We Americans just love paradoxes. We fancy ourselves so progressive and leaders of the free world, but then half of us are still "traditionalists" or, as I see it, backassward-ists. Case in point: A nationally representative survey of 815 Americans, in which 50 percent supported a law requiring women to change their last names upon marriage. What?! What year is this again? Who in their right mind would advocate that the government force women to take such a major step backward?
Let me just say ... I have always said I think when I get married, I'll keep my last name professionally, but take my husband's name personally. I'm not quite sure how that works and if it'll be a total pain in the butt, but it's what I see making the most sense for me. But when it comes to what other women do -- taking their hubby's last name or not -- I've always felt it was completely up to them. Maybe they have particular reasons for or against doing it.

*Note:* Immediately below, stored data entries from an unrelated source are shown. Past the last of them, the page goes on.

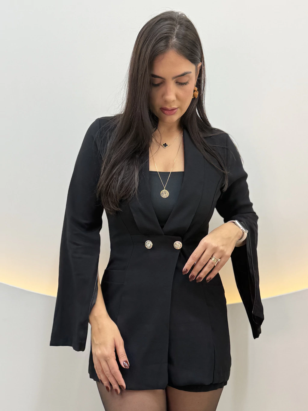 Conjunto Verona♥. Elegante e sofisticado, composto por um casaco super estiloso que possui bolsos e gola lapela. E por um short com elástico no cós e fechamento por zíper lateral.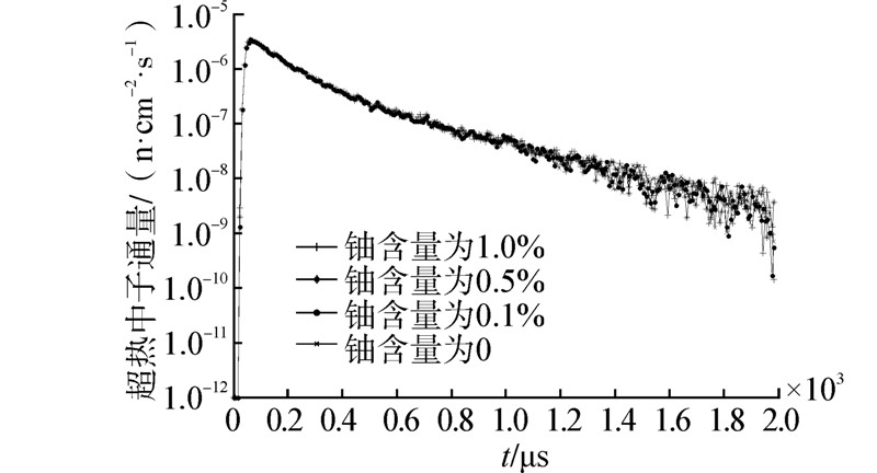 瞬发裂变中子探测技术利用氦三探测器,记录铀黄饼中由于发生瞬发裂变而增加的超热中子计数。中子源脉宽为10 μs,周期为2 ms,改变黄饼中铀的含量分别为0、0.1%、0.5%、1%,探测器分别记录0~2 000 μs超热中子和热中子衰减时间谱。
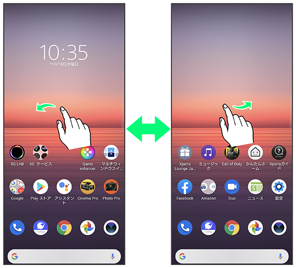 各ホーム画面シートをアプリのショートカットやウィジェットなどでカスタマイズして、便利に使用できます。ホーム画面を左右にフリックすると、ホーム画面シートを切り替えることができます。
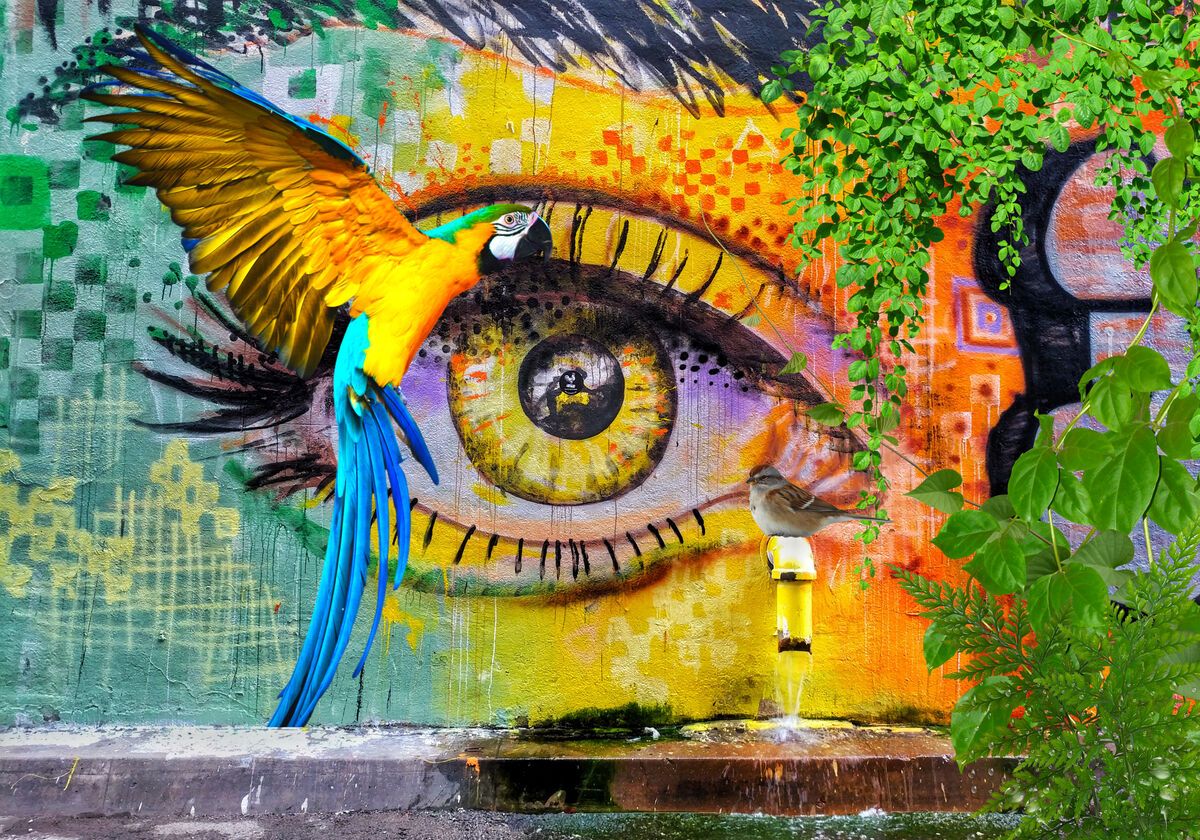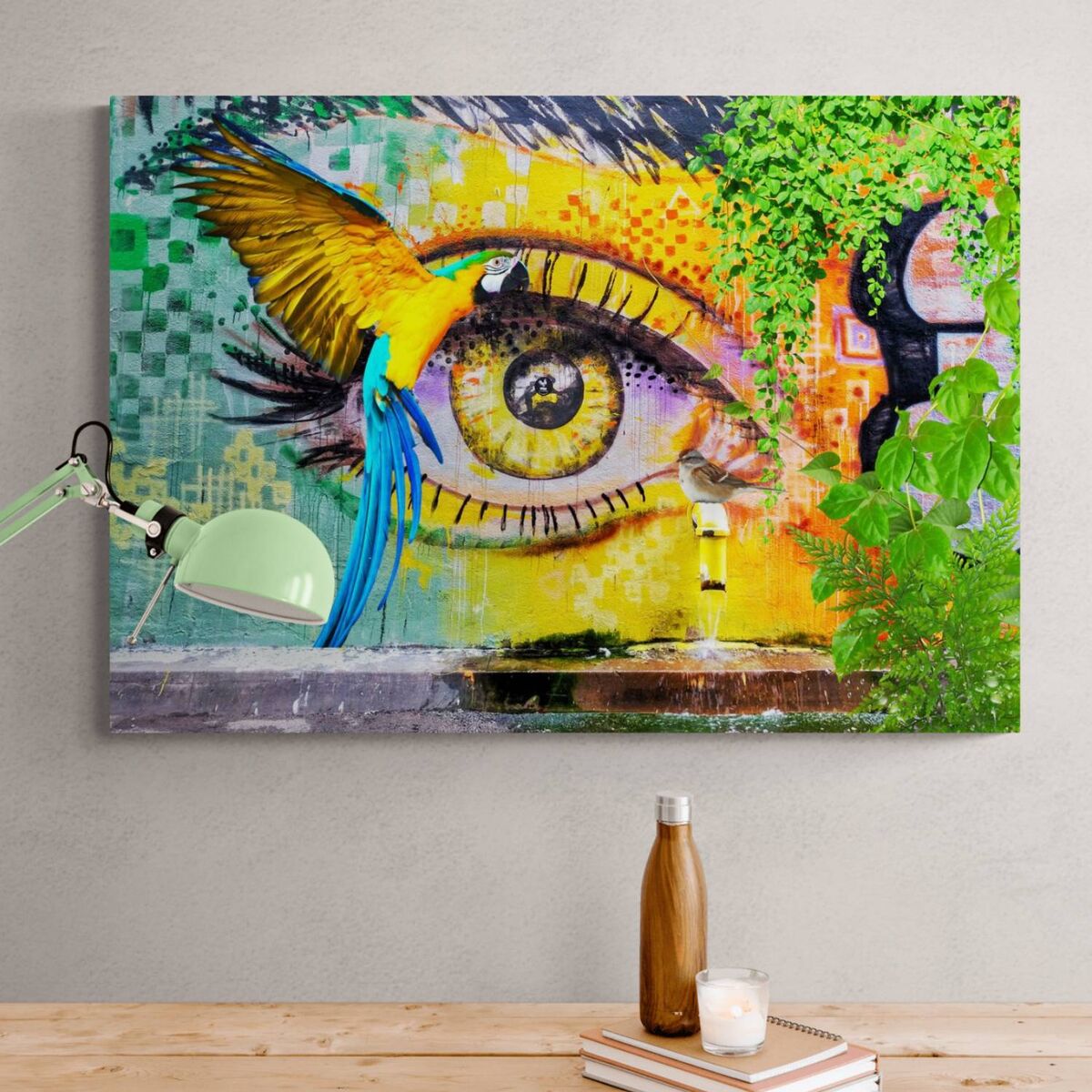 Straat graffiti van een oog met een blauw gele ara (papegaai). Horizontaal ontwerp. Getoonde prijs is voor canvas 50 x 70 cm. Andere materialen en formaten verkrijgbaar.

Some women are seriously turned off by the origin of taking a man's last name. Which I totally understand. After all, it harkens back to the 1800s and even into the 1900s, when U.S. common law meant a married woman had no rights to her own property or to make contracts in her own name. A husband was the one to take on all legal rights for the couple. Knowing that definitely makes my stomach turn a bit, but on the other hand, you could argue that's not what it means anymore. Now, it's more of a romantic gesture, a symbol of unity, or perhaps a way to make it easier on the kids.
But what it boils down to is that there are very few things that are as close to identity as a name -- first or last. We should all be entitled to our own decision on the matter. Unless we want to take this country back to the dark ages.
What's your thought on women being required by law to change their last names when they get married?